* **What to work on**:
Copy out the listing that follows, exactly, without its pictures.

* **Data below**:
——————————

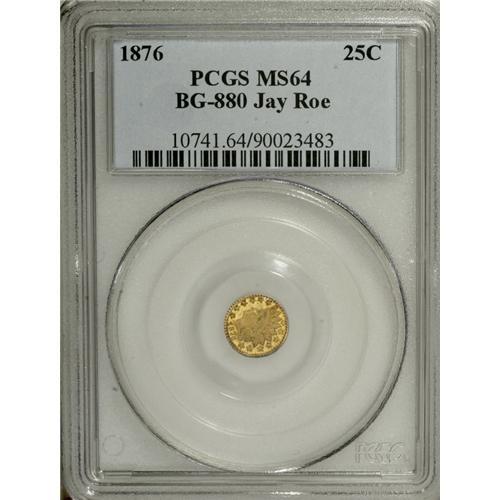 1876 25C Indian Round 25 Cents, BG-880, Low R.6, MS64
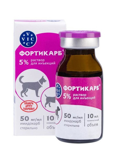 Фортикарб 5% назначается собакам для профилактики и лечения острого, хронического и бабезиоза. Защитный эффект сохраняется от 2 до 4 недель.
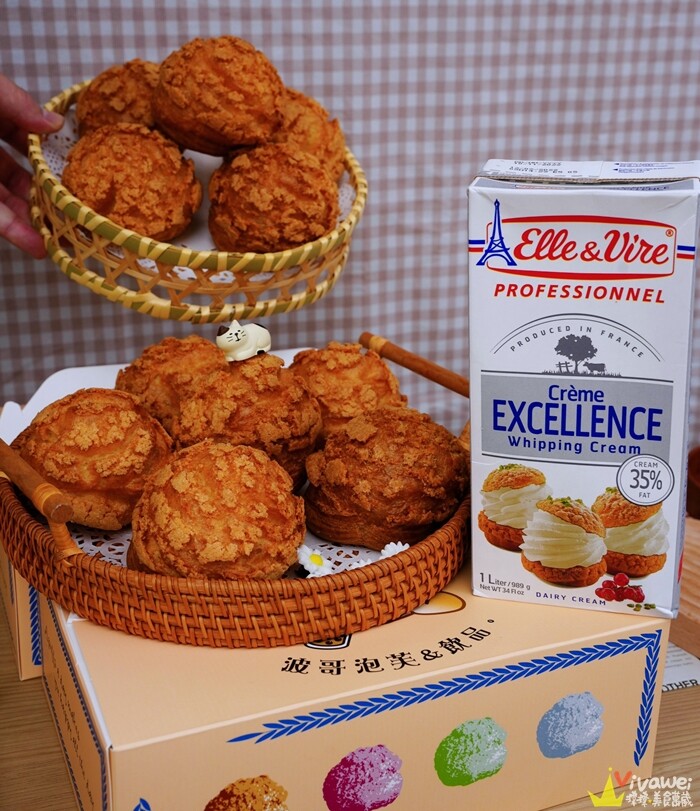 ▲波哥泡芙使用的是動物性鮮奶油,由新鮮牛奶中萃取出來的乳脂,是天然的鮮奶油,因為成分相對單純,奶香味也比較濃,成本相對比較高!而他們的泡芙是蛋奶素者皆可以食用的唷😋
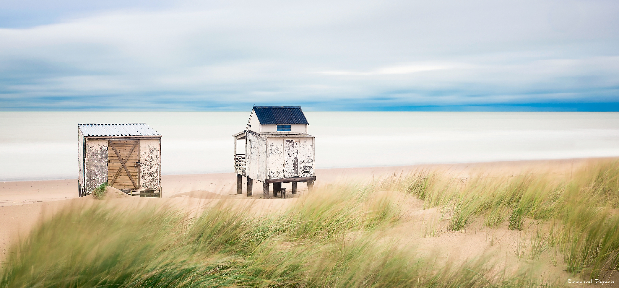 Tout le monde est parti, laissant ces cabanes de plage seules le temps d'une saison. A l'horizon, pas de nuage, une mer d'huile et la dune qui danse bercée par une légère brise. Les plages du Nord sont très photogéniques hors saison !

——————————

* **Your solution**:
 1876 25C Indian Round 25 Cents, BG-880, Low R.6, MS64
 Фортикарб 5% назначается собакам для профилактики и лечения острого, хронического и бабезиоза. Защитный эффект сохраняется от 2 до 4 недель.
 ▲波哥泡芙使用的是動物性鮮奶油,由新鮮牛奶中萃取出來的乳脂,是天然的鮮奶油,因為成分相對單純,奶香味也比較濃,成本相對比較高!而他們的泡芙是蛋奶素者皆可以食用的唷😋
 Tout le monde est parti, laissant ces cabanes de plage seules le temps d'une saison. A l'horizon, pas de nuage, une mer d'huile et la dune qui danse bercée par une légère brise. Les plages du Nord sont très photogéniques hors saison !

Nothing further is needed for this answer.